SYDNEY MORNING HERALD, Sydney, NSW, Australia, Tueday, 13 April 2004.

Section: News And Features
Page: 4

Circumcision myths

The Australian Press Council has dismissed a complaint by Professor Brian Morris against the Good Weekend magazine, published by The Sydney Morning Herald, over a column by Dr Karl Kruszelnicki. Professor Morris's complaint centred on a regular short column, Mythconceptions, in which Dr Kruszelnicki writes about 400 words on many different subjects which fall into the category of ``life's myths, curiosities and absurdities.''

In particular, Professor Morris complained about a column on circumcision, May the foreskin be with you, published on January 7, 2004, describing it as ``a mischievous anti-circumcision article'' and ``blatantly biased propaganda.''

He said Dr Kruszelnicki was ``deliberately deceptive'' in not mentioning any of the health benefits of circumcision and criticised one of Dr Kruszelnicki's sources as an ``anti-circ activist'' and a ``hero of the anti movement'' who did not have appropriate medical qualifications.
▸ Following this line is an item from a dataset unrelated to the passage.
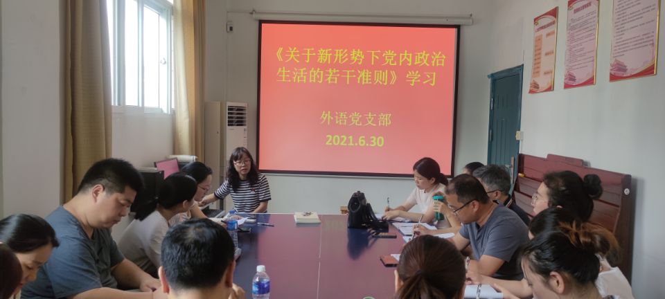 2021630日下午,外语党支部在三楼党员活动室集中学习《关于新形势下党内政治生活的若干准则》。首先,党支部书记带领全体党员认真学习了十二条准则。通过学习,全体党员清楚明白:全面从严治党永远在路上;全党要坚持不懈努力,共同营造风清气正的政治生态,确保党始终成为中国特色社会主义事业的坚强领导核心。其后,王然,薛艳,张禄静三位党员就学习的准则内容,分别发言,表达了自己的看法和遵守准则的决心。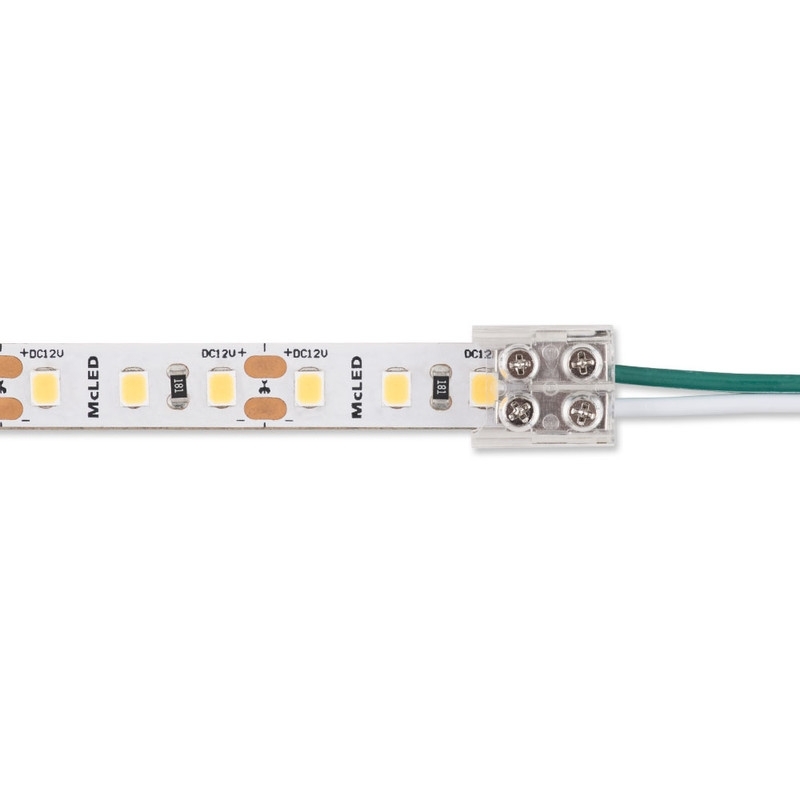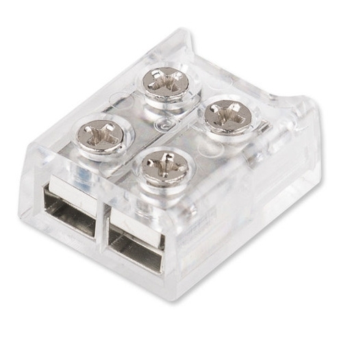 Připojovací konektor jednobarevných LED pásků šíře 8 mm, 2 piny. Konektor využijete ke snadnému propojení LED pásků s kabelem - pro vodiče 16 - 22 AWG (cca 0,34-1,3 mm²). Konektor lze použít na LED pásky COB a také SMD (SMD max. 180 LED/m). Pásek a vodiče se zasunou do konektoru a utáhnou se šrouby. Vhodné pro max. proud 6 A, pro větší proudy je třeba vodiče k LED pásku připájet. Rozměry: 11,5 (š) x 13,3 (d) x 6,4 (v) mm.

In response, Dr Kruszelnicki, who acknowledged that he is not a urologist, pointed out that his column did not set out to discuss in detail the pros and cons of circumcision but rather discussed specifically what he saw as ``the myth'' that circumcision was originally performed for hygiene reasons and how this belief later evolved.

Dr Kruszelnicki named four sources, including the one objected to by Professor Morris.

In relation to the latter, Dr Kruszelnicki pointed out he quoted just eight words from that source: the foreskin is ``a uniquely specialised, sensitive, functional organ of touch".

The Press Council noted that Good Weekend offered Professor Morris an opportunity to air his views by publishing his letter to the editor on January 31.

However, Professor Morris also believed that Good Weekend magazine, in later publishing three letters opposing the views in his letter, demonstrated editorial bias.

Given the nature of the Mythconceptions column and the fact that Good Weekend published Professor Morris's letter, the Press Council said it believed the publication had adequately dealt with the matter.